Ese es Dios. Vida y santidad. Nuestra vida y la posibilidad de nuestra santidad. La vida de todo y la santidad de todo. La vida del todo y el amor del todo. El pasado domingo, durante la Santa Misa, se me quedó esta frase de la liturgia como grabada a fuego. La repetía una y otra vez por la calle. “Das vida y santificas todo”, “das vida y santificas todo”. Hasta en voz alta. La escribí en mi libreta de apuntes, citas y demás pensamientos. La sigo diciendo. Mi vida es mi vocación por la santidad. O será un fracaso. La verdadera vida, la Vida real, es la unión con Dios. La unión y el camino que nos lleva hacia ella en medio de los más singulares avatares. El camino de lucha, de coherencia, de saber que no estamos de moda; el camino tal vez del sufrimiento y puede que de cierta rebeldía. Vida y santidad. Santidad y vida. Entraña de nuestros días y de la más que probable y continua oscuridad. Sentido de la existencia. Poesía de nuestro caminar. Vida que se santifica por el hecho de amar. Santidad que nos vivifica y resucita de la tibieza, de la comodidad de una vida que creemos vida pero que no es tal vida, sino un remedo de la Vida, una caricatura que nos engaña.
 
“Das vida y santificas todo”. No hay más que mirar, tener ojos y un poco de sensibilidad. Bulle la vida, pero bulle más la gracia, la gloria de Dios. Bulle entre el resplandor de la luz y de los colores. Dios nos da la vida -¿tenemos conciencia del Don?-, y con ella la gracia, que nos sostiene, nos impele, nos perdona. Todas las avenidas del mundo, sus calles, las vías del tren, las carreteras y hasta los caminos más agrestes y humildes tienen como destino la santidad. La vida del hombre sobre la tierra es ese recorrido de amor. Aunque de continuo haya tentaciones, trampas, coacciones, y lleguemos a pensar que la fiesta va por otra parte, que sin Dios se vive mejor, más tranquilo. Pero, ¿qué clase de vida puede haber sin Dios? Y nos perdemos en los espejismos de la imaginación o de razones demasiado interesadas, en infelices e intrincados laberintos. La soberbia nos atenaza, nos deja el alma maniatada, o seca. ¿Qué pasa entonces? Pues pasa que Dios da la Vida, la auténtica Vida, ésa que no muere ni se pudre. Pasa que un amigo nos habla. Pasa que de pronto no podemos más y nos echamos a llorar. Pasa que somos de carne, pero también de espíritu, y que un buen día nos sobrecoge el sonido de unas campanas o una anciana rezando en un rincón de una iglesia. Pasa que estamos hechos para la santidad, para ser felices, para trascender la idiotez y la frivolidad.

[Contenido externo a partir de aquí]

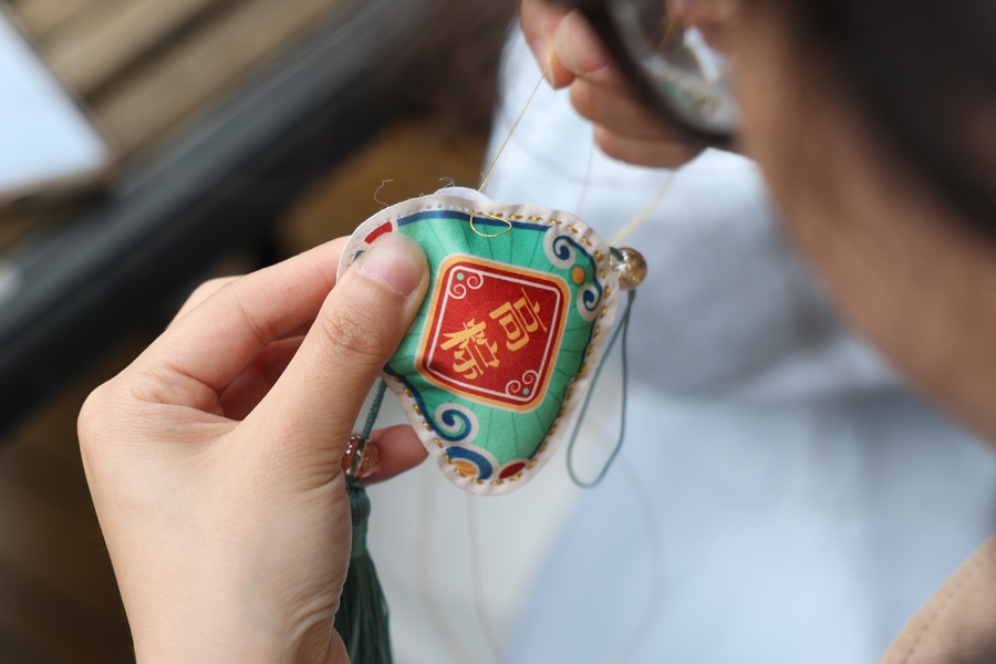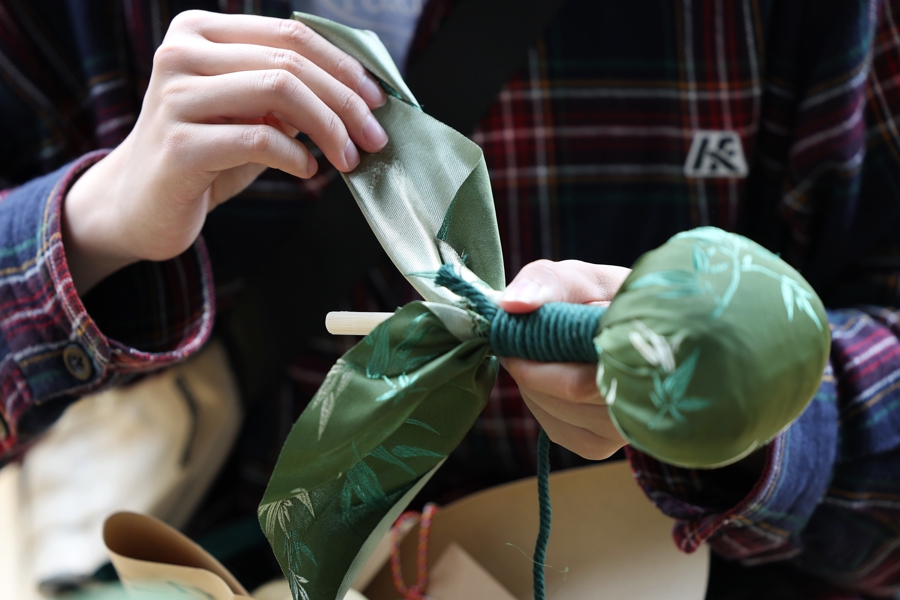 將艾草制成香囊,包裹進(jìn)繡有傳統(tǒng)花紋的織布,一圈圈纏繞上絲線……艾草錘和艾草香囊制作攤位前坐滿了來體驗(yàn)的學(xué)生和家屬。“這是我第一次制作艾草錘,每繞一圈絲線都需要系緊,密織和打結(jié),很花心思。我想將這份親手制作的禮物送給長輩,既能傳達(dá)心意,又蘊(yùn)含著傳統(tǒng)文化內(nèi)涵?!眳⒓蝇F(xiàn)場制作的吳同學(xué)告訴記者。現(xiàn)場還有不少親子家庭在老師的帶領(lǐng)下體驗(yàn)傳統(tǒng)手作的趣味。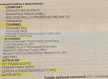 Vendo bmw r 1250 gs, moto immatricolata a luglio 2020 con 30340 km. Tutti i tagliandi sono stati fatti in concessionario ufficiale BMW, ultimo tagliando fatto ad aprile 2026. Pneumatici al 90%. Moto in otttime condizioni, compresa di tris di valige, valigia sul serbatoio, navigatore sattellitare e faretti. Super accessoriata, tutti gli optional sono elencati in foto.

El corazón de multitudes se va apagando en cosas que no llevan a Dios. Es decir, que no son camino de santidad, de alegría cien por cien. Hay un gigantesco negocio de enmascaramiento de la realidad de las almas. Y de la realidad del mundo. Un maquillaje de considerables proporciones. Nos dejamos engañar a veces, o puede que otros quieran permanecer engañados en esa deformación de la vida, y del amor de Dios, que nos da la Vida y santifica todo. ¿Seremos de los conformistas? Ya lo he dicho antes: sólo hay que mirar a nuestro alrededor. Sacar el alma por los ojos y ver, asomarnos a la Belleza de cada detalle que constituye la Creación. Este cielo tan azul, el beso de nuestra mujer (o del marido), la melodía de la lluvia… Es la Gloria de Dios que se nos ofrece cada mañana, que nos urge por nuestro nombre y nos quiere santos (nada de medianías). Si queremos, por supuesto. Si estamos dispuestos a tomarnos el amor y la vida y la fe en serio.